■ Supplied information:
* * * * *

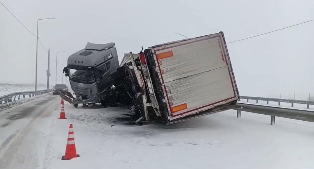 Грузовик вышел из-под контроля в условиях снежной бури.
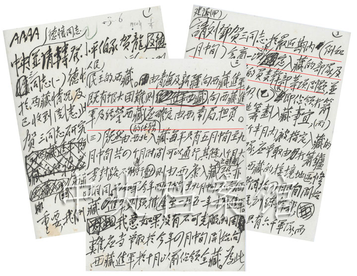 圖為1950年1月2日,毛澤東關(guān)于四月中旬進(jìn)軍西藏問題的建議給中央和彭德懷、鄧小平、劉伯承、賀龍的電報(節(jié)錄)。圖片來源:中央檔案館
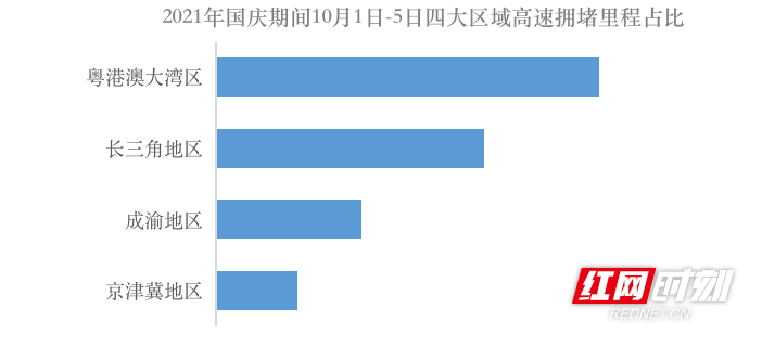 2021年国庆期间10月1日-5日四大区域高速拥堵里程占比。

* * * * *

All of the data is to be transcribed exactly, with images omitted.

■ Solution for this task:
 Грузовик вышел из-под контроля в условиях снежной бури.
 圖為1950年1月2日,毛澤東關(guān)于四月中旬進(jìn)軍西藏問題的建議給中央和彭德懷、鄧小平、劉伯承、賀龍的電報(節(jié)錄)。圖片來源:中央檔案館
 2021年国庆期间10月1日-5日四大区域高速拥堵里程占比。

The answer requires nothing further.